Booth Id:
CELL028
Category:
Cellular and Molecular Biology
Year:
2023
Finalist Names:
McCarthy, Ella (School: Ponte Vedra High School)
Abstract:
Alzheimer’s disease (AD), amyotrophic lateral sclerosis (ALS), and frontotemporal dementia (FTD) are all classified as neurodegenerative disorders. In many neurodegenerative diseases, TDP-43 leaves the nucleus and can be found aggregating in the cytoplasm of a cell. Mitochondria were selected as a target in this experiment because depolarization of the mitochondria's membrane potential can lead to apoptosis, linking this organelle to many neurodegenerative disorders. The first goal is to investigate whether mitochondrial clustering in TDP-43 knockout cells is due to the TDP-43 depletion from the nucleus. The second goal is to determine if mitochondrial clustering leads to mitochondrial dysfunction in TDP-43 knockout cells. The third goal is to identify mitochondrial genes that are differently expressed in HeLa knock-out cells compared to wild-type cells. When comparing the WT and TDP-43 KO HeLa cells, we observed a clustering of the mitochondria as well as a fragmentation of the mitochondrial network, visualizing through microscopy.
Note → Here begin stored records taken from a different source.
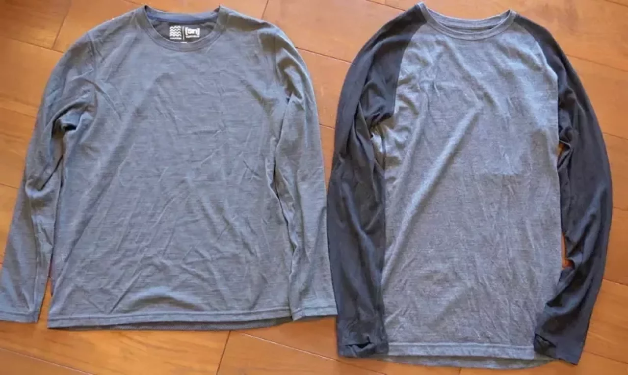 べースレイヤーには、吸汗速乾性と耐久性に優れた化繊素材(ポリエステル)、保温性と防臭効果を備えたメリノウール素材、双方のメリットを生かした混紡のハイブリッド素材があります。
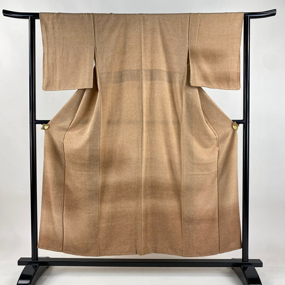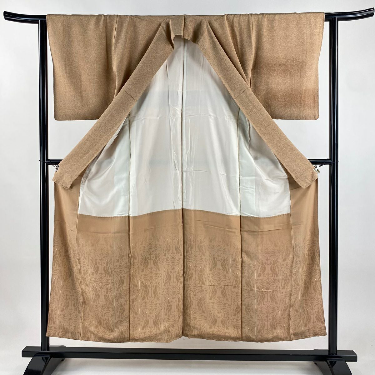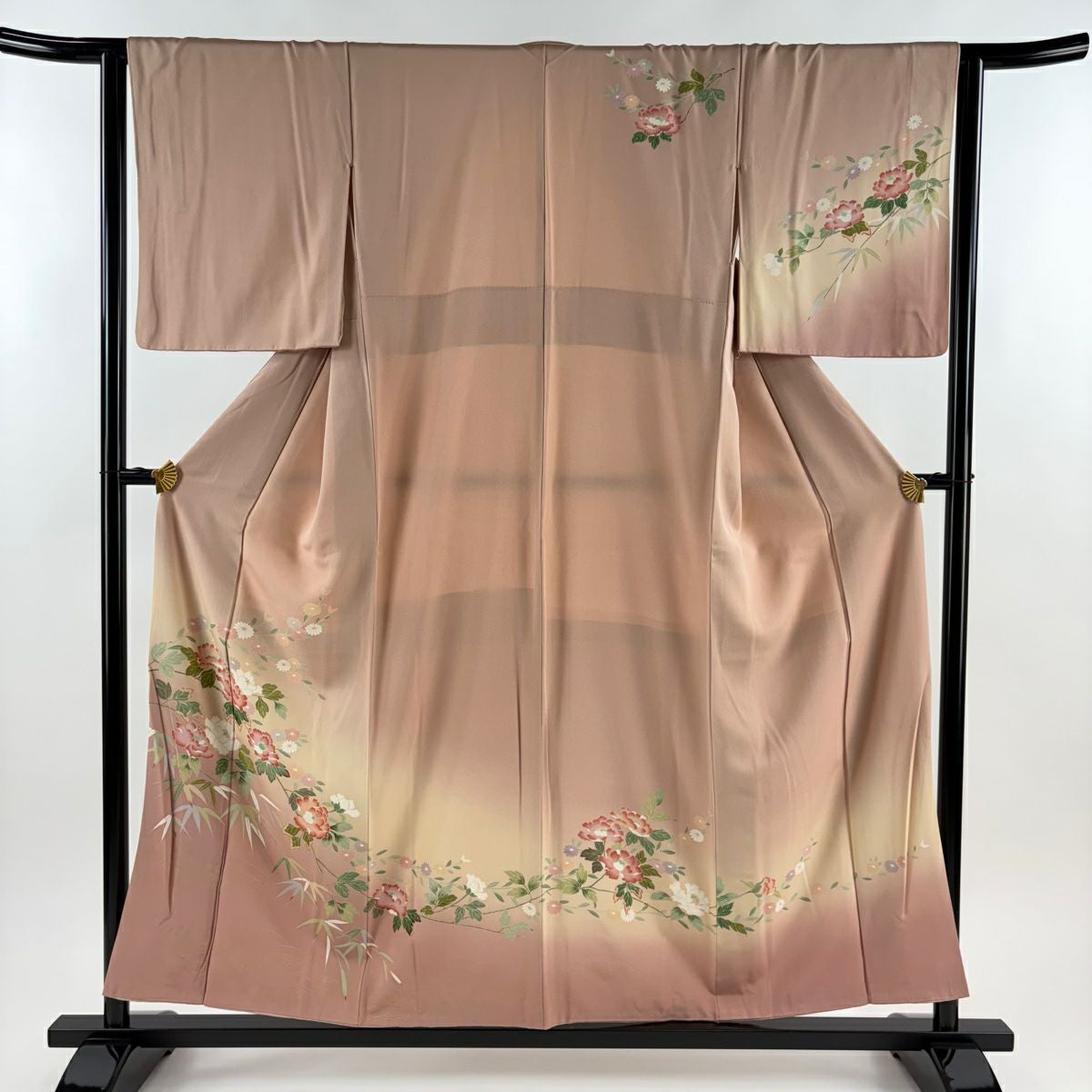 他の画像を見る 【最終値引き】 80%OFF 付下げ 身丈166cm 裄丈65.5cm M 袷 袋帯セット 草花 扇 金彩 ぼかし 薄茶色 正絹 秀品 三つ紋 K70 当店通常価格 ¥ 20,800 ¥ 3,960 税込
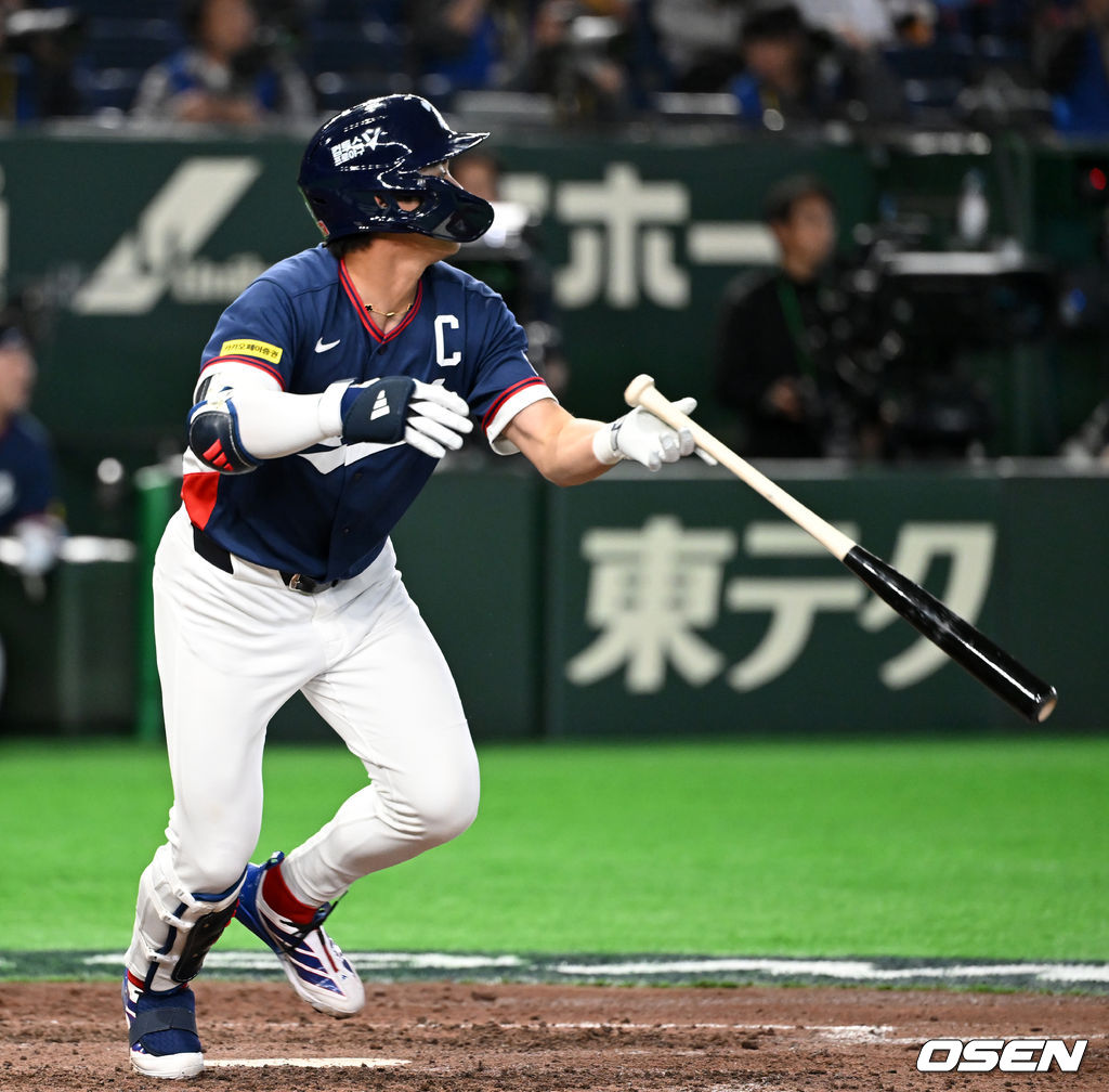8회초 무사에서 한국 이정후가 중견수 왼쪽 2루타를 날리고 있다. 2026.03.07 /spjj@osen.co.kr

Our studies showed that TDP-43 was able to successfully rescue the splicing in the TDP-43 KO HeLa cells after transfection; however, mutants of TDP-43 were not able to rescue this splicing. This was shown by performing a western blot and staining with NUP188 and EGFP. Membrane potential of the KO cells was lower than that of the WT, this depolarization can trigger neuronal death. Flow cytometry showed the membrane depolarization through staining WT and TDP-43 KO HeLa cells with TMRM. Our results supported our hypothesis as many mitochondrial genes and characteristics were differently expressed with the absence of TDP-43 splicing.